Provided data.
========
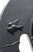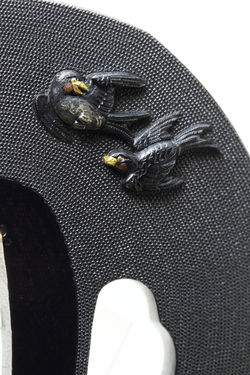 園部芳英は芳継の子で文化三年の生まれ。精巧緻密な高彫表現を得意とした。この鐔は、春の暖かい風を切り裂いて飛翔する燕を彫り描くことで、どこまでも青く清らかに澄む空気を表現した鐔。涼やかに流れる小川と、そのほとりに咲く蒲公英、土筆、遠く広がって天に溶け込む大地も、総てが空気のありようを演出する素材。陽の光を大地に届けてくれるのが空気。円周状に打ち施した魚子地も燕や草原に生命感を与えている。赤銅の黒、銀の白、目玉の金、頬の素銅とわずかの色金ながら、写実的高彫描写された燕は細部まで精密。小川の流れは高彫で、切羽台のみ銀の平象嵌。総ての彫刻技法が優れて美しい。
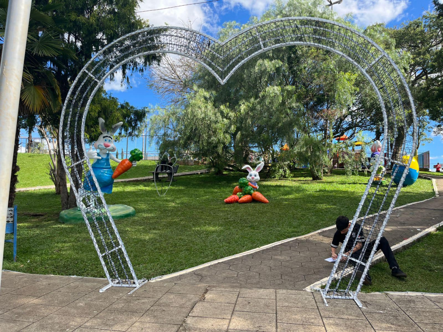 A decoração de Páscoa ficará instalada até o dia 10 de abril.
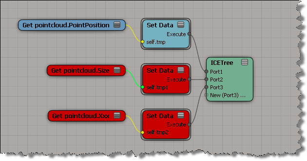 Consider this ICE tree on my empty point cloud. The Size attribute is just like my own custom Xxx attribute, whereas the built-in PointPosition attribute resolves nicely.
========
What the exercise asks.
The whole listing should be printed again exactly as written, images excluded.

Result.
 園部芳英は芳継の子で文化三年の生まれ。精巧緻密な高彫表現を得意とした。この鐔は、春の暖かい風を切り裂いて飛翔する燕を彫り描くことで、どこまでも青く清らかに澄む空気を表現した鐔。涼やかに流れる小川と、そのほとりに咲く蒲公英、土筆、遠く広がって天に溶け込む大地も、総てが空気のありようを演出する素材。陽の光を大地に届けてくれるのが空気。円周状に打ち施した魚子地も燕や草原に生命感を与えている。赤銅の黒、銀の白、目玉の金、頬の素銅とわずかの色金ながら、写実的高彫描写された燕は細部まで精密。小川の流れは高彫で、切羽台のみ銀の平象嵌。総ての彫刻技法が優れて美しい。
 A decoração de Páscoa ficará instalada até o dia 10 de abril.
 Consider this ICE tree on my empty point cloud. The Size attribute is just like my own custom Xxx attribute, whereas the built-in PointPosition attribute resolves nicely.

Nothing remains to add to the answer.